Every line from the one holding "生活文化科3年生ファッション" through the one holding "- 顺时针旋转第一排右侧座椅靠背通风扇,将其从泡沫上取下。" in the data below must be returned exactly, both ends included, with pictures left out and nothing else added.

_Records provided_
......
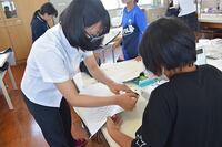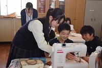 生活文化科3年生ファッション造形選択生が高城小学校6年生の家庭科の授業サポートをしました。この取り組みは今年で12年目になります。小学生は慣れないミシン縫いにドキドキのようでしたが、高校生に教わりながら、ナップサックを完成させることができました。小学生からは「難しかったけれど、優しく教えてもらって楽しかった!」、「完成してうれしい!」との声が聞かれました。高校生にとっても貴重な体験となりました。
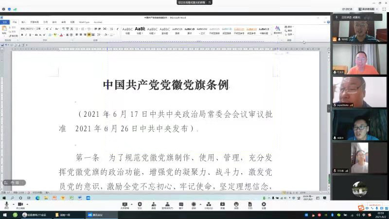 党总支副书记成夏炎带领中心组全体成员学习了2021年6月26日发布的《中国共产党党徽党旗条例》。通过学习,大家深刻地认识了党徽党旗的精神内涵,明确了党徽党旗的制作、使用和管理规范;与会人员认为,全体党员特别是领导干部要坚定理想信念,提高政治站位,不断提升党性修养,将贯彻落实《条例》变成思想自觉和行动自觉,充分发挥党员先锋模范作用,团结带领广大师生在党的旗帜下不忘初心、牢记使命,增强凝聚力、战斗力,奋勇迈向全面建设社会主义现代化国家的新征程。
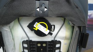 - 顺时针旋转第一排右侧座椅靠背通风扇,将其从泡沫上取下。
......
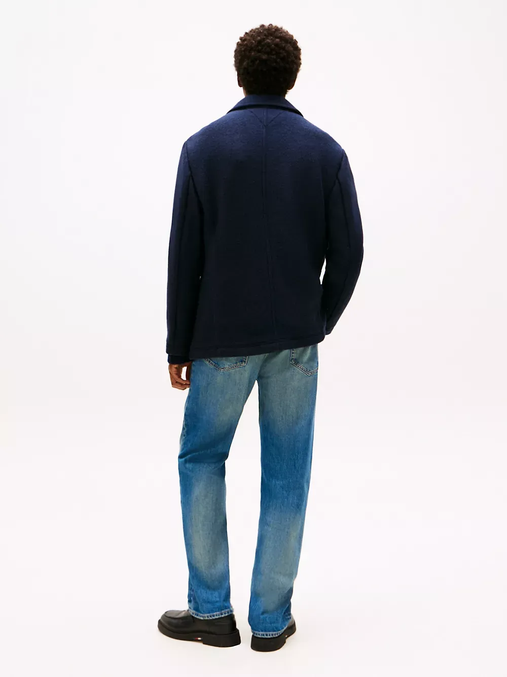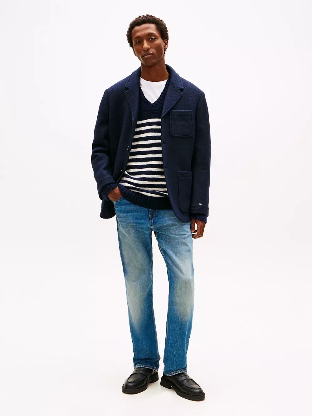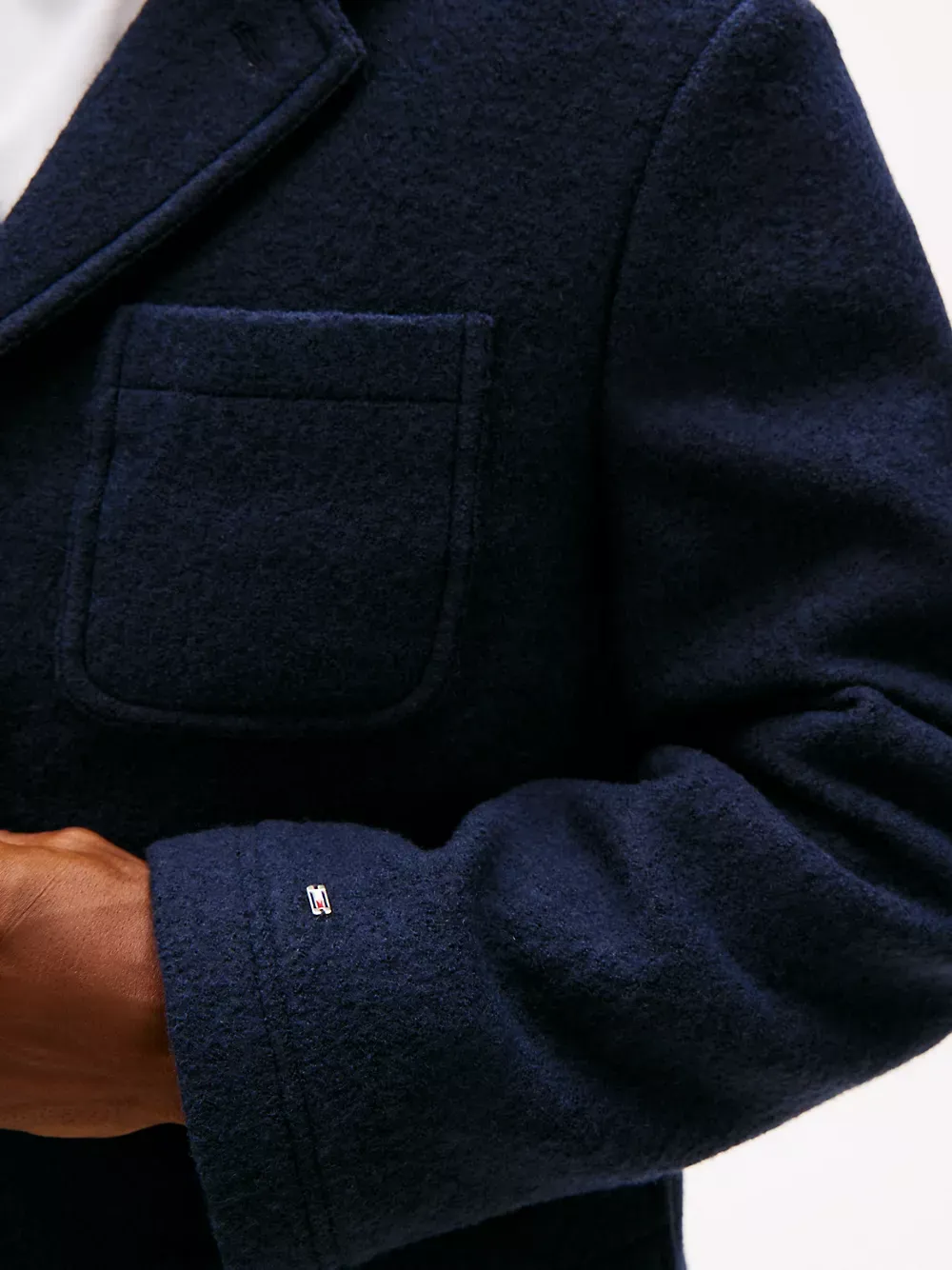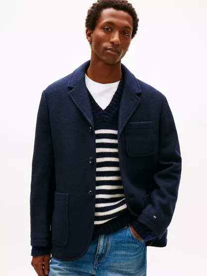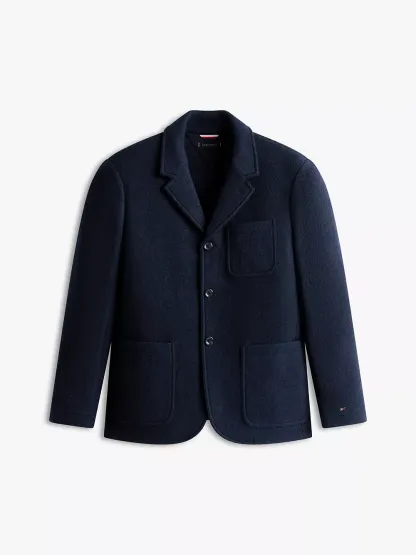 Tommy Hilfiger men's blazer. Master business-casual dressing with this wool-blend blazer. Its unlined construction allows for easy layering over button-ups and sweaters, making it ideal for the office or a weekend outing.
......
_Output_
 生活文化科3年生ファッション造形選択生が高城小学校6年生の家庭科の授業サポートをしました。この取り組みは今年で12年目になります。小学生は慣れないミシン縫いにドキドキのようでしたが、高校生に教わりながら、ナップサックを完成させることができました。小学生からは「難しかったけれど、優しく教えてもらって楽しかった!」、「完成してうれしい!」との声が聞かれました。高校生にとっても貴重な体験となりました。
 党总支副书记成夏炎带领中心组全体成员学习了2021年6月26日发布的《中国共产党党徽党旗条例》。通过学习,大家深刻地认识了党徽党旗的精神内涵,明确了党徽党旗的制作、使用和管理规范;与会人员认为,全体党员特别是领导干部要坚定理想信念,提高政治站位,不断提升党性修养,将贯彻落实《条例》变成思想自觉和行动自觉,充分发挥党员先锋模范作用,团结带领广大师生在党的旗帜下不忘初心、牢记使命,增强凝聚力、战斗力,奋勇迈向全面建设社会主义现代化国家的新征程。
 - 顺时针旋转第一排右侧座椅靠背通风扇,将其从泡沫上取下。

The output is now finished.